[Listed records — start]

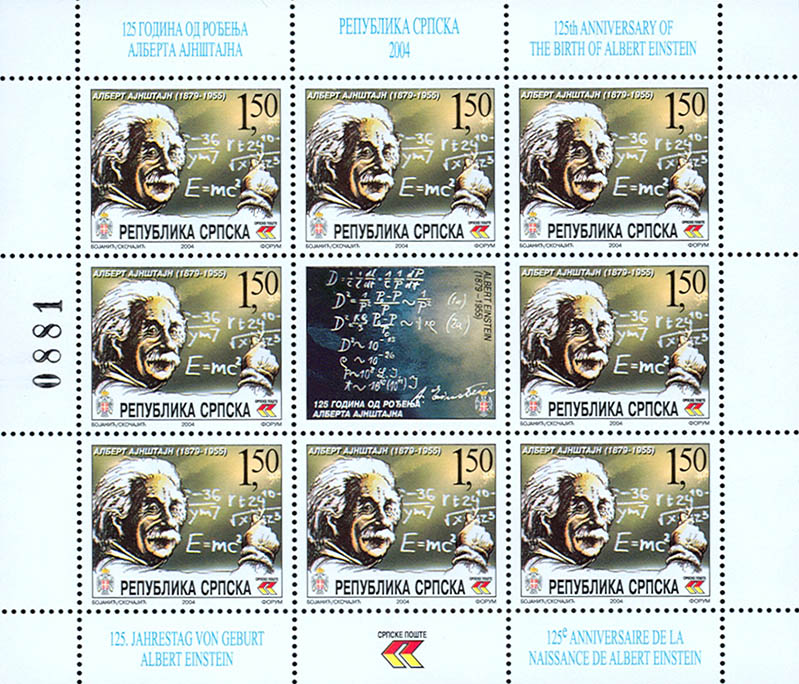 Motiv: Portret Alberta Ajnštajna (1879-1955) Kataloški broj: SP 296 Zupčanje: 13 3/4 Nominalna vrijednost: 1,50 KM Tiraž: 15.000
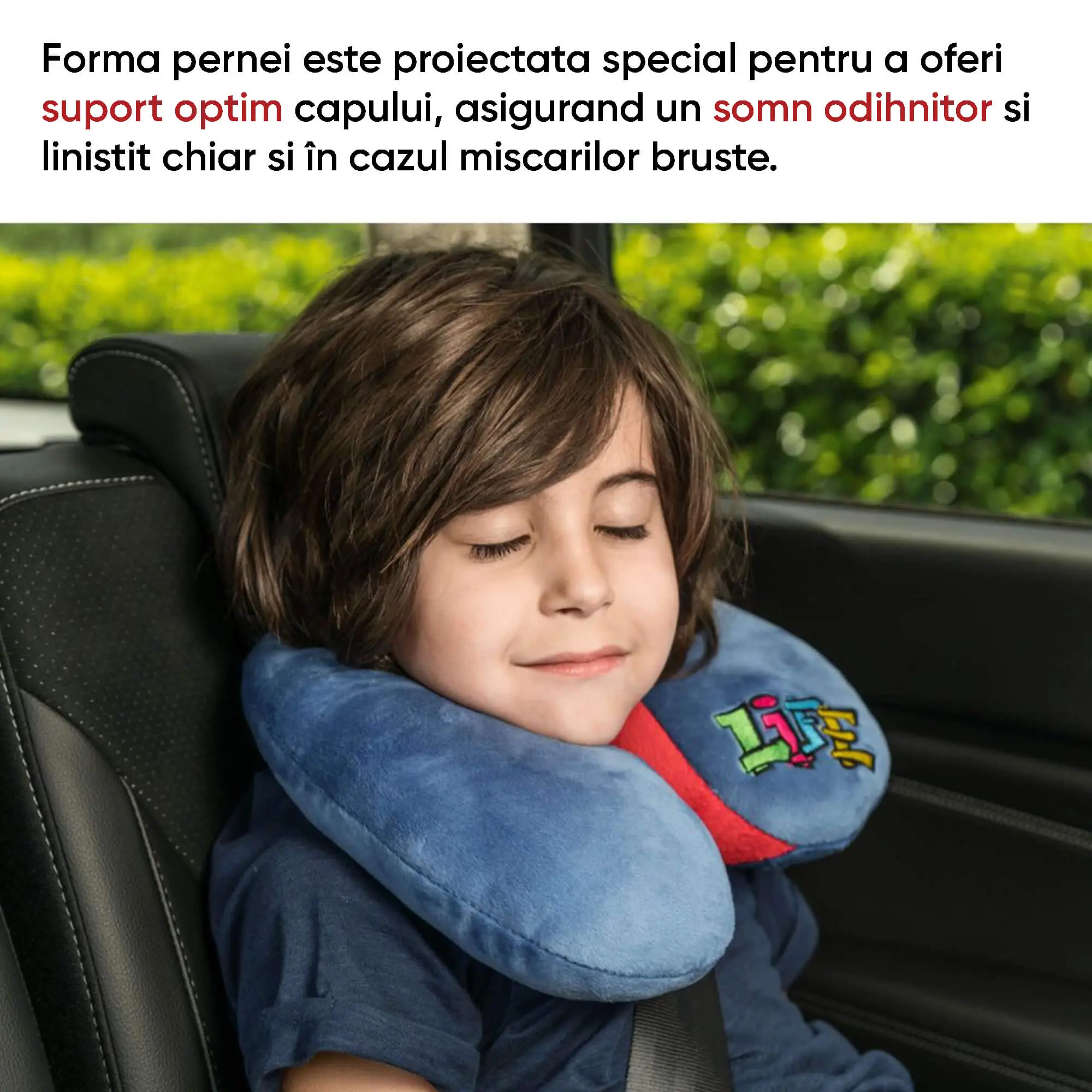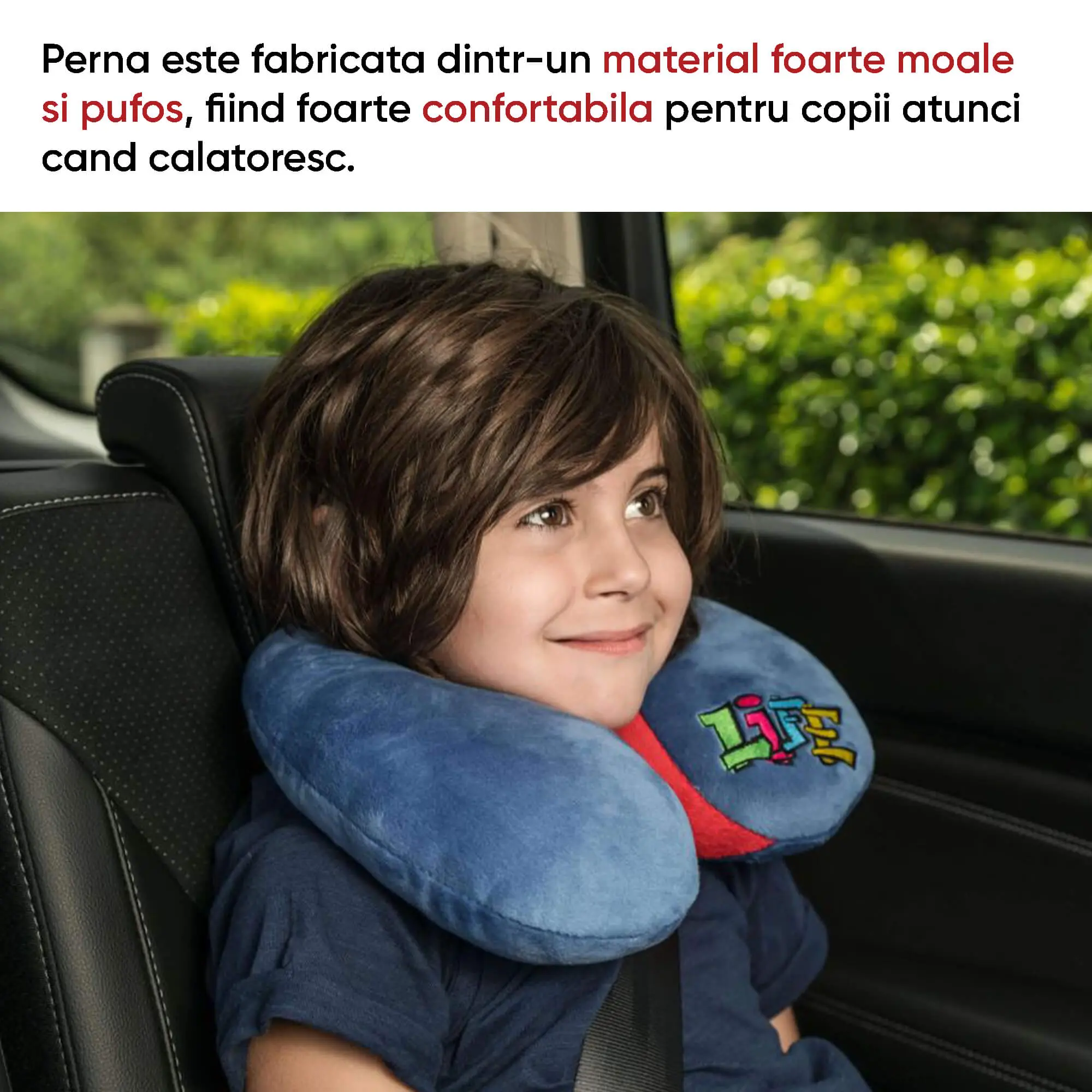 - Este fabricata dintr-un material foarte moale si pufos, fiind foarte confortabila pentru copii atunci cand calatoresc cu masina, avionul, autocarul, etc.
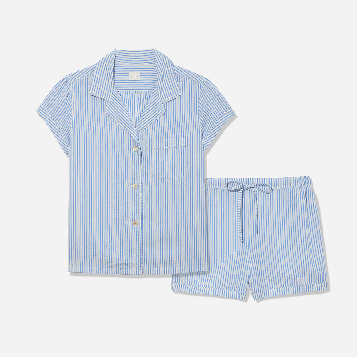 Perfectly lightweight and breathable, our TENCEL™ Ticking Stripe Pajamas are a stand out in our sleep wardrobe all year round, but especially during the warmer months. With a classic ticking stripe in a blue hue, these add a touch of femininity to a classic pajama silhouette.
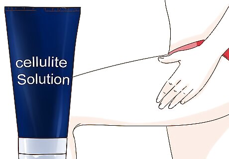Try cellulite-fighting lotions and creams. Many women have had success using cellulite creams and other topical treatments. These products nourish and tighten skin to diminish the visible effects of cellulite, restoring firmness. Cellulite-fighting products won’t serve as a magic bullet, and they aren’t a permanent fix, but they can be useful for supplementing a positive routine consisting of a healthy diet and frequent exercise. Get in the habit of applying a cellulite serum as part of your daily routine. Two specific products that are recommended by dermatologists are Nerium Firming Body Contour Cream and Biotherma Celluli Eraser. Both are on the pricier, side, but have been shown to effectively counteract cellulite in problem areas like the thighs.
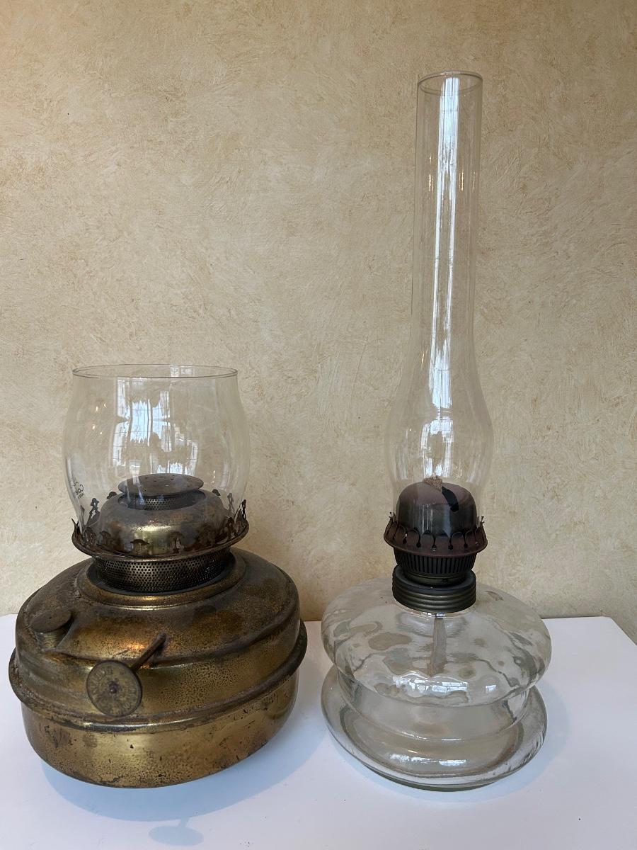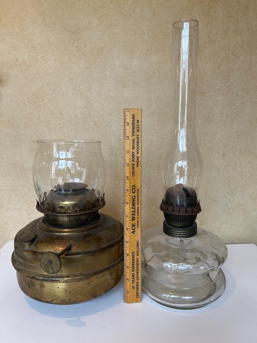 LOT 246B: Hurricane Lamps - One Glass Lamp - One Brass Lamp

[Listed records — finish]

Aim of the task
Exactness is what counts here: copy each entry as given and omit its pictures.

Your response
 Motiv: Portret Alberta Ajnštajna (1879-1955) Kataloški broj: SP 296 Zupčanje: 13 3/4 Nominalna vrijednost: 1,50 KM Tiraž: 15.000
 - Este fabricata dintr-un material foarte moale si pufos, fiind foarte confortabila pentru copii atunci cand calatoresc cu masina, avionul, autocarul, etc.
 Perfectly lightweight and breathable, our TENCEL™ Ticking Stripe Pajamas are a stand out in our sleep wardrobe all year round, but especially during the warmer months. With a classic ticking stripe in a blue hue, these add a touch of femininity to a classic pajama silhouette.
Try cellulite-fighting lotions and creams. Many women have had success using cellulite creams and other topical treatments. These products nourish and tighten skin to diminish the visible effects of cellulite, restoring firmness. Cellulite-fighting products won’t serve as a magic bullet, and they aren’t a permanent fix, but they can be useful for supplementing a positive routine consisting of a healthy diet and frequent exercise. Get in the habit of applying a cellulite serum as part of your daily routine. Two specific products that are recommended by dermatologists are Nerium Firming Body Contour Cream and Biotherma Celluli Eraser. Both are on the pricier, side, but have been shown to effectively counteract cellulite in problem areas like the thighs.
 LOT 246B: Hurricane Lamps - One Glass Lamp - One Brass Lamp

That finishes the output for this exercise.